=== Begin Enclosure ===

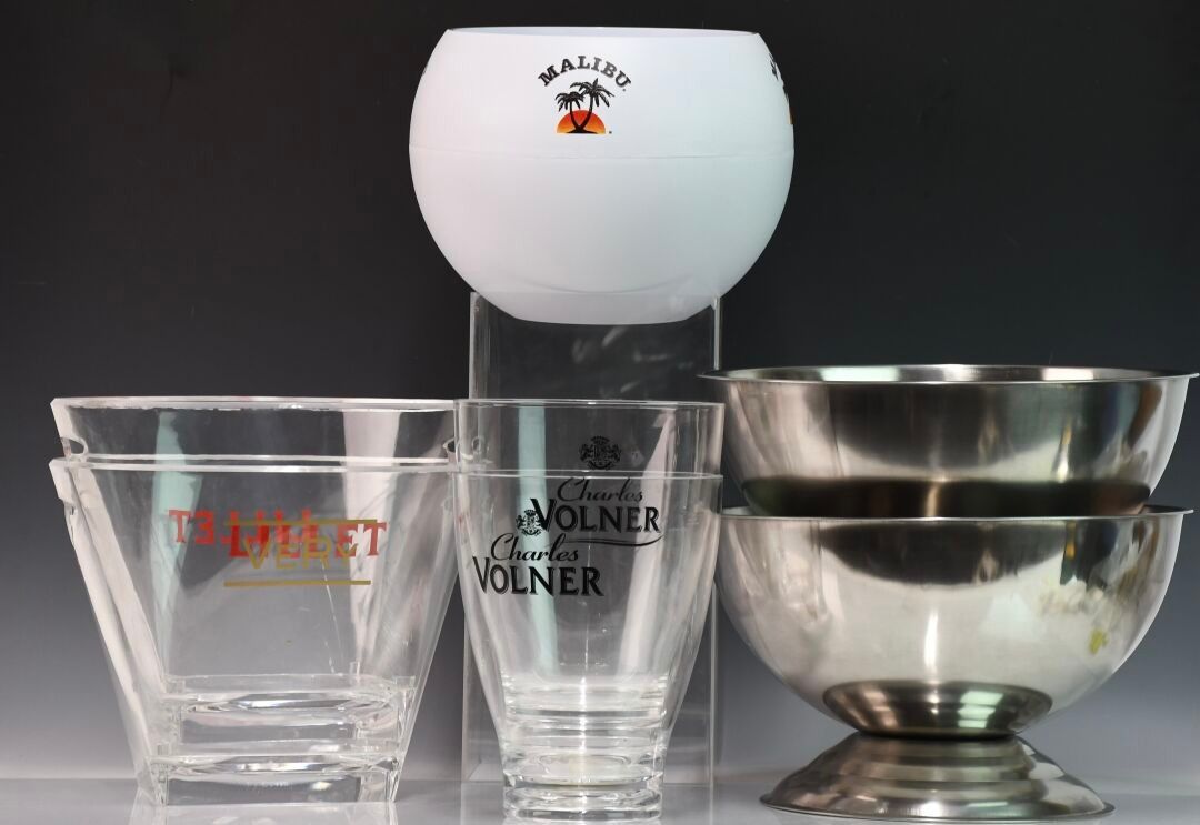 Reunion of two CHARLES VOLNER champagne buckets, a MALIBU cocktail bucket, two stainless steel punch bowls and two LILLET raffraichissoir cups.
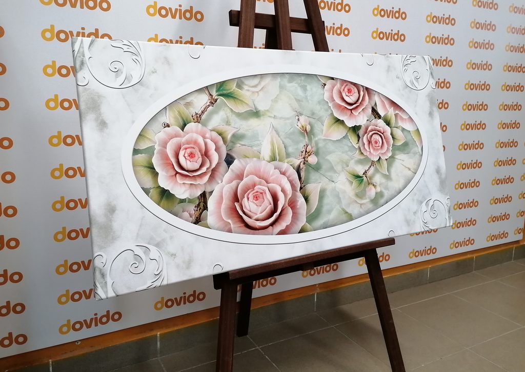 Obraz ruža na maľovanom pozadí v čiernobielom prevedení
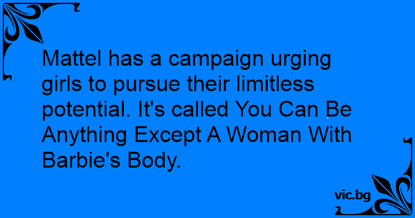 Mattel has a campaign urging girls to pursue their limitless potential. It's called You Can Be Anything Except A Woman With Barbie's Body.
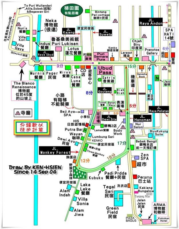 庆幸地球上有种叫做地图的东西,能让人不会迷失方向,也让人能清楚地知道将去,会去,想去,及去过的地方。在巴厘机场匆匆地拿了一些地图,才发现好多都是 toyota,yamaha,honda 的日本地图。笨蛋鬼虽然读过一些日文,认识一些平仮名,即 hiragana,但却无法看的明白那些地图上密密麻麻像蚂蚁般的字体。恨的是书到用时方恨少;事非经过不知难。
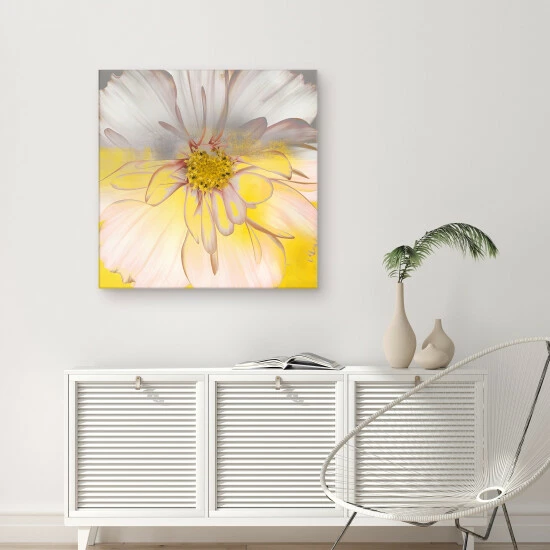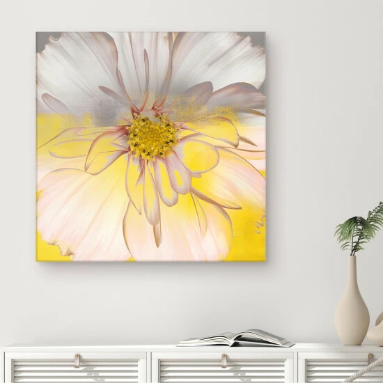 Uplift and enliven your space with the cheerful ‘Painted Petals XXXIV’ wall art by Alexis Bueno. The white, yellow and rose shades of this oversize flower print bring sunshine to your living room, bedroom or foyer, and the contemporary design is fresh and bright.
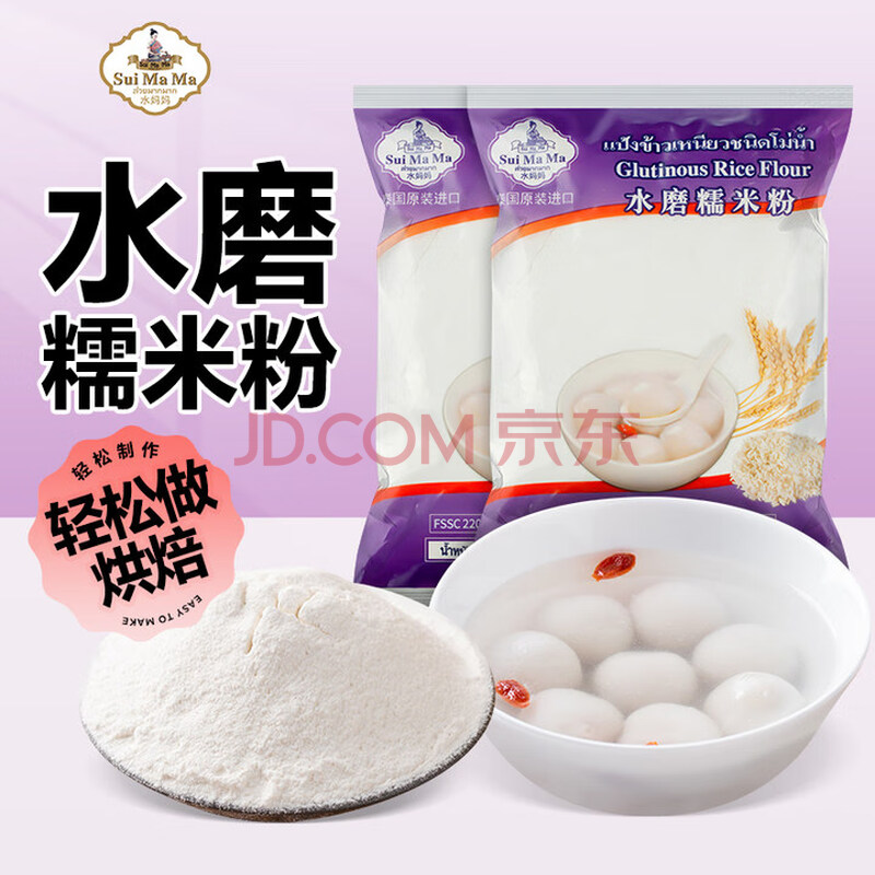 水妈妈泰国进口 水磨糯米粉 汤圆元宵糯米糍粑雪媚娘冰皮月饼500g*2袋装

=== End Enclosure ===

Task instructions -
The lines from the one that contains "Obraz ruža na" through the end of the data, repeated exactly and with no pictures, make up the whole answer.

Exercise answer -
 Obraz ruža na maľovanom pozadí v čiernobielom prevedení
 Mattel has a campaign urging girls to pursue their limitless potential. It's called You Can Be Anything Except A Woman With Barbie's Body.
 庆幸地球上有种叫做地图的东西,能让人不会迷失方向,也让人能清楚地知道将去,会去,想去,及去过的地方。在巴厘机场匆匆地拿了一些地图,才发现好多都是 toyota,yamaha,honda 的日本地图。笨蛋鬼虽然读过一些日文,认识一些平仮名,即 hiragana,但却无法看的明白那些地图上密密麻麻像蚂蚁般的字体。恨的是书到用时方恨少;事非经过不知难。
 Uplift and enliven your space with the cheerful ‘Painted Petals XXXIV’ wall art by Alexis Bueno. The white, yellow and rose shades of this oversize flower print bring sunshine to your living room, bedroom or foyer, and the contemporary design is fresh and bright.
 水妈妈泰国进口 水磨糯米粉 汤圆元宵糯米糍粑雪媚娘冰皮月饼500g*2袋装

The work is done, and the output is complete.